Но растрогавшись, почувствовала новый прилив нежности и еще сильнее прижала к себе Парсела.
— Омаата!
— Сыночек мой! — снова проворковала, вернее, прорычала она.
Наконец она отпустила его, но тут же снова схватила под мышки и подняла до уровня своего лица.
— Садись! — предложила она, держа Парсела в воздухе так что ноги его болтались над креслом, и наконец опустила на сиденье. — Садись, Адамо, сыночек мой! Я нарочно ходила за твоим креслом, чтобы тебе было удобно сидеть и ждать Меани.
Так вот оно, оказывается, в чем дело! Какая неслыханная предупредительность! Тащить в этакую даль тяжелое, неудобное для переноски кресло! Омаата непременно забудет вернуть его.
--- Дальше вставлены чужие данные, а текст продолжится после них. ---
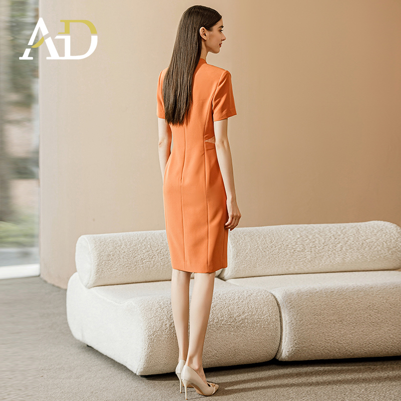 Manufacturer Wholesale Orange Ladies Dresses Office Wear Ad Dress For Women Formal

Продержит у себя кресло еще недели две… И ради того, чтобы он по сидел у нее всего полчаса, она лишила его кресла на целых две недели…"Я рассуждаю, как истый перитани, — с раскаянием подумал Парсел. — Что за мелочность! В конце концов важен лишь дружеский порыв, это сердечное тепло…»
Омаата уселась рядом с креслом, опершись одной рукой о пол, другую положив на колени, и застыла в классически спокойной позе, всегда восхищавшей Парсела в таитянках. До чего же она огромная! Хотя Парсел сидел в кресле, и следовательно, не менее чем в полутора футах над полом, ее большие глаза приходились на уровне его глаз. Безмолвствующая Омаата напоминала гигантскую статую, усевшуюся на ступеньки трона.
— Скелет заходил за Жоно, — сказала она, заметив, что Парсел оглядывается. — Должно быть, пошли охотиться. Взяли с собой ружья.
— А ты не знаешь, чего хочет Меани?
— Нет.
И она замолкла, радуясь, что может спокойно любоваться своим сыночком. Но это немое обожание наскучило Парселу, и он спросил:
— А у тебя есть ожерелье из шишек пандануса?
своих ног.
— Почему же ты его не носишь?
Она захохотала, и глаза ее лукаво блеснули.
— Сегодня не надо.
— Почему?
Она захохотала еще громче, показывая свои огромные зубы людоедки.
— Адамо, сынок мой, — проговорила она между двумя взрывами смеха, — Адамо не тот танэ, который мне нужен.
— Не говори загадками, — попросил Парсел.
— Я и не говорю. Шишки пандануса, — торжественно проговорила Омаата, — впитывают запах кожи, а потом передают его человеку вместе со своим собственным запахом.
— Ну и что же?
— Получается смесь, и она опьяняет. Достаточно мужчине приблизиться и вдохнуть этот запах, как он сразу перестает владеть собой. Я надевала свое ожерелье в ночь великого дождя, — добавила она.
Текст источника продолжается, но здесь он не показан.